The torch_ttnn module has a backend function, which can used with the torch.compile() function.

import torch
import torch_ttnn

# A torch Module
class FooModule(torch.Module):
    ...
# Create a module
module = FooModule()
# Compile the module, with ttnn backend
ttnn_module = torch.compile(module, torch_ttnn.backend)
# Running inference
ttnn_module(input_data)

Tracer

The tracer dump the information of fx graph such as node's op_name and shape.

For example, you can run this script to parse the information

PYTHONPATH=$(pwd) python3 tools/run_torchvision.py --backend torch_stat --backward --profile
ls stat/raw

By default, the raw result will be stored at stat/raw, and you can run this script to generate the report

python3 tools/generate_report.py
ls stat/

Now the stat/ folder have these report

  • fw_node_count.csv
  • bw_node_count.csv
  • fw_total_input_size_dist/
  • bw_total_input_size_dist/
  • fw_total_output_size_dist/
  • bw_total_output_size_dist/
  • profile/

The node_count.csv show the node with op_type appear in the fx graph. This report can help analyze the frequency of op type appear in the graph.

The *_total_*_size_dist/ statistics the op_type's input/output_size distribution from all fx graph recored in stat/raw. This report can help analyze the memory footprint durning the calculation of op_type.

  • Notice: the default input_shapes in tools/stat_torchvision.py is [1,3,224,224], which has dependency with *_total_*_size_dist/ report.

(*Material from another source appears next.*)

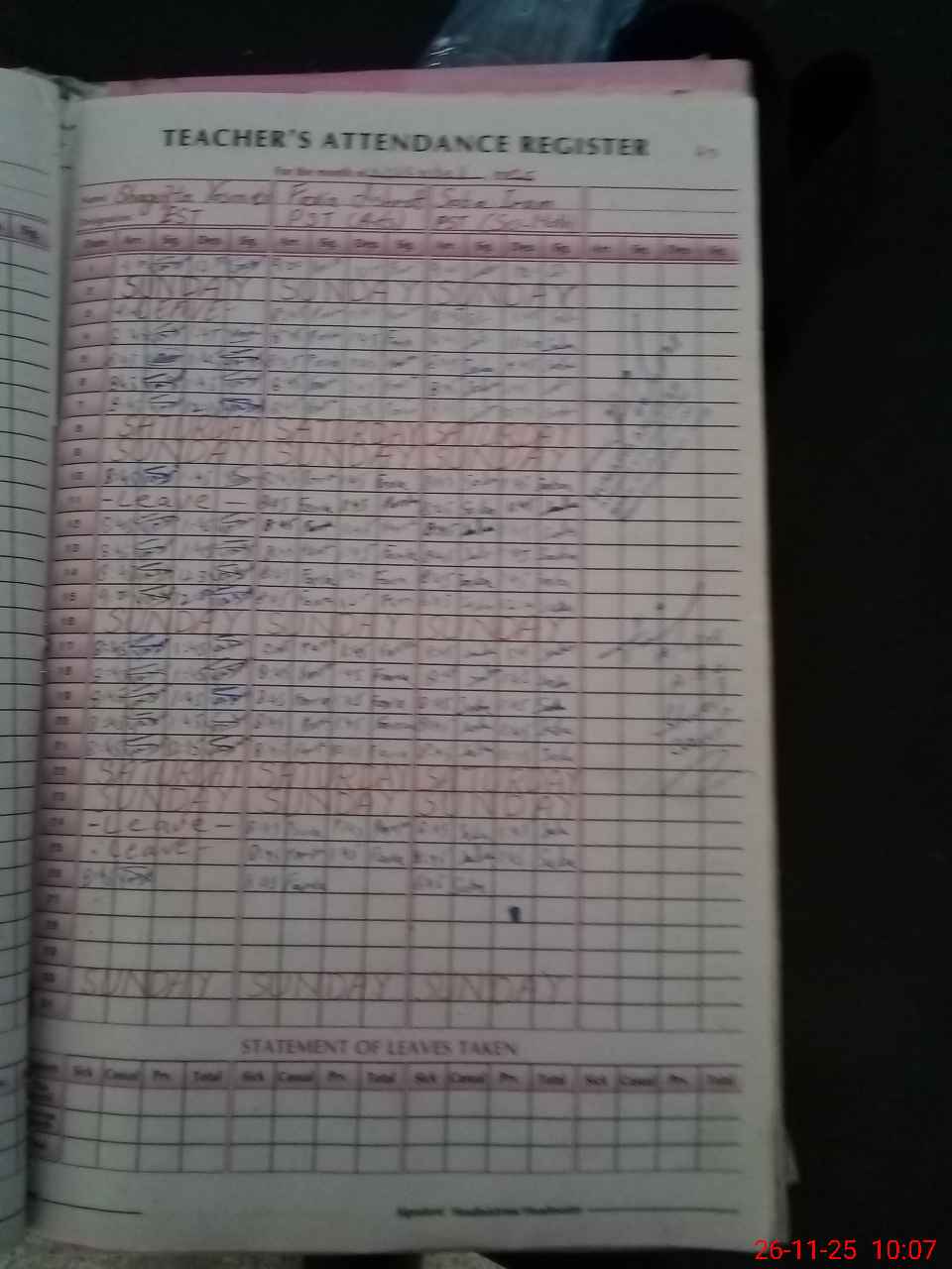 | Leave | Duty | Absent | Maternity | Medical | Ex- Pak |

  • Notice: the aten ir interface is in there

The profile/ is the tools provided by pytorch, you can open it by the url: chrome://tracing

Run transformer models

To run transformer model with ttnn backend, run:

PYTHONPATH=${TT_METAL_HOME}:$(pwd) python3 tools/run_transformers.py --model "phiyodr/bert-large-finetuned-squad2" --backend torch_ttnn

You can also substitute the backend with torch_stat to run a reference comparison.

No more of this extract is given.